Growing up, the salt marsh always provided a reasonable number of teal and buffleheads (as well as both common and hooded mergansers), and even the prized black duck. Late season might show us a few rafts of canvasbacks and bluebill that had somehow pushed south of Mattamuskeet and Pamlico. A couple of geese might even get our hearts racing (the resident flocks of Canada geese hadn’t become established yet). But boy, let that Chesapeake area start to ice up, and suddenly it was like something from a old-timer’s stories! Our decoys would suddenly be drawing in birds we’d never even seen before… widgeon, northern shovelers, oldsquaw, and even some eiders out in the inlets. The ponds where we jumped wood ducks would be covered in mallards and gadwalls, and even the occasional pintail.
If I close my eyes and think about it, I can still feel the thrill.
January 27, 2014
What kind of Monday would it be if I had something worth while to write about?
And Monday is almost over, and I nearly missed the opportunity to say… well… to say very little. That’s Monday.

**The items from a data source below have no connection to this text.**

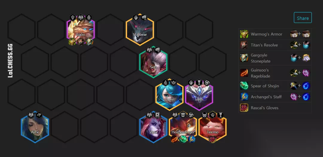 目录: 1.阵容搭配 2.阵容解析 3.装备推荐 4.运营攻略 1.阵容搭配 (1)【阵容一】 (2)阵容推荐:瑟提、寒冰、婕拉、艾翁、加里奥、提莫、大头、狗熊、格温/盖伦 (3)阵容羁绊:5龙族 2亡魂 2神谕 2复苏 1大魔王 1胜利军 1驯龙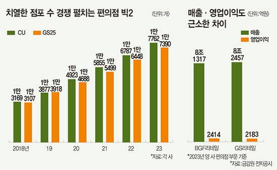 점포 수와 실적 모두 언제라도 1·2위가 바뀔 수 있을 정도로 미미한 차이다. 올해 성과에 따라 누구도 부인할 수 없는 ‘편의점 1위’가 나올 수도 있다. 양 사가 치열한 경쟁을 펼칠 수밖에 없는 이유다.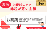 お賽銭の相場がいくらがわからず、金額に困った時に語呂合わせで決める事があります。お賽銭に良い金額は100円(百のご縁)や1万円(満縁)というように意味があります。縁起が良い金額とお賽銭にダメな意味がある金額をまとめました

But for what it’s worth, things are shaping up for the coming months. Heck, I’ve got travel to Spokane next week. That’s something, right? And heck, the office is only five minutes from Cabela’s in Post Falls, ID. That’s sort of like a hunting trip, if a hunting trip doesn’t require actually hunting… or live animals… or getting outdoors. At least there’s guns and gear.
On the other hand, I just spoke to my friend Rick, at Dark Timber Lodge, and set the wheels in motion for an elk hunt in September. I made the decision back in the fall that 2014 would see me on an elk hunt, or I’d die trying (or something else would come up… but let’s not focus on that right now.) Planning the elk hunt got me stoked enough to pull the bow down and sling a bunch of arrows into the back yard. Some of them even hit the targets I have scattered at various ranges from 20 to 45 yards.
But when I got done, it was still Monday.
January 23, 2014
For any of you who’ve been around the Hog Blog for a while, you’ll notice that my blog roll isn’t very dynamic. I’ve found a handful of sites that I enjoy, and haven’t done a lot of exploring to find new ones lately. Part of that is due to other social media, like Facebook, that has really buffered the activity on blogs. Folks seem to prefer that instantaneous interaction and short-attention-span content over surfing through the blogosphere and reading more long-form writing.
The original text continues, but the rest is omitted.